Fest has announced that it will no longer open the current Arcade Fire tour, citing allegations of sexual misconduct against showdown boss Wayne Butler. (Butler asserted that all of the alleged interactions were consensual.) The band’s first two concerts opened in Dublin, which took place on August 30-31 at the 3Arena. During those shows, all proceeds from Feist’s sales of merchandise in the band were donated to Women’s Aid Dublin, an organization dedicated to stopping domestic violence across Ireland. She was scheduled to tour with them during the rest of September in Europe.
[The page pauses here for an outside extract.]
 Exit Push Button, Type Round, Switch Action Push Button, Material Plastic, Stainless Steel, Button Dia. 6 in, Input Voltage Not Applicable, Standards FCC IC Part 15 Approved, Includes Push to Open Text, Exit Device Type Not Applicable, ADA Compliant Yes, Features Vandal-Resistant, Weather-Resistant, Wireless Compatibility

Read Feist’s full statement below.
Arcade Fire responded in a statement, “We are very sorry to see Leslie come home, but we fully understand and respect her decision.”
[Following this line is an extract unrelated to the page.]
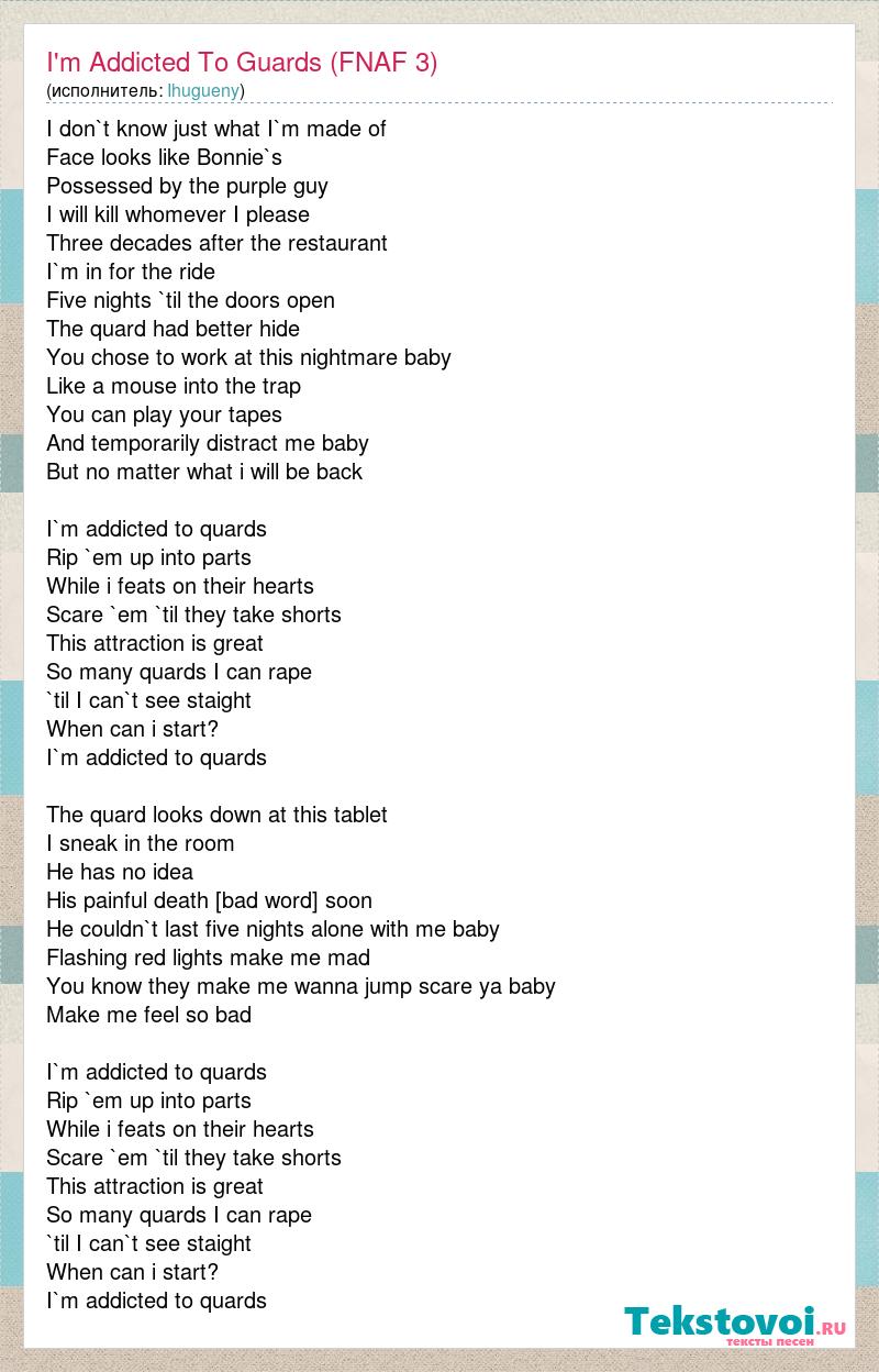I don`t know just what I`m made of Face looks like Bonnie`s Possessed by the purple guy I will kill whomever I please Three decades after the restaurant I`m in for the ride Five nights `til the doors open The quard had better hide You chose to work at this nightmare baby Like a mouse into the trap You can play your tapes And temporarily distract me baby But no matter what i will be back I`m addicted to quards Rip `em up into parts While i feats on their hearts Scare `em `til they take shorts This attraction is great So many quards I can rape `til I can`t see staight When can i start? I`m addicted to quards The quard looks down at this tablet I sneak in the room He has no idea His painful death [bad word] soon He couldn`t last five nights alone with me baby Flashing red lights make me mad You know they make me wanna jump scare ya baby Make me feel so bad I`m addicted to quards Rip `em up into parts While i feats on their hearts Scare `em `til they take shorts This attraction is great So many quards I can rape `til I can`t see staight When can i start? I`m addicted to quards

In a pub in Dublin, after rehearsing with my teams, I read the same headline I had. We had no time to prepare for what was coming, let alone the chance to decide not to fly across the ocean into the belly of this situation. This has been very difficult for me and I can only imagine how difficult it has been for the people who have come forward. More than anything I wish healing to those involved.
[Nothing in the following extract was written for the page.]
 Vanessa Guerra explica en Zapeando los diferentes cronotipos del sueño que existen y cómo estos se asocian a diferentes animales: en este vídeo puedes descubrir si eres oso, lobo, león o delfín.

This sparked a bigger conversation than me, it’s bigger than my songs and it’s definitely bigger than any rock ‘n’ roll tour. While trying to determine my direction and my responsibility in this situation, I received dozens of messages from people around me, expressing their sympathy for the division I have been pushed into. Staying on tour symbolized that I was either defending or ignoring the damage that Wayne Butler had done and leaving would mean I was the judge and jury.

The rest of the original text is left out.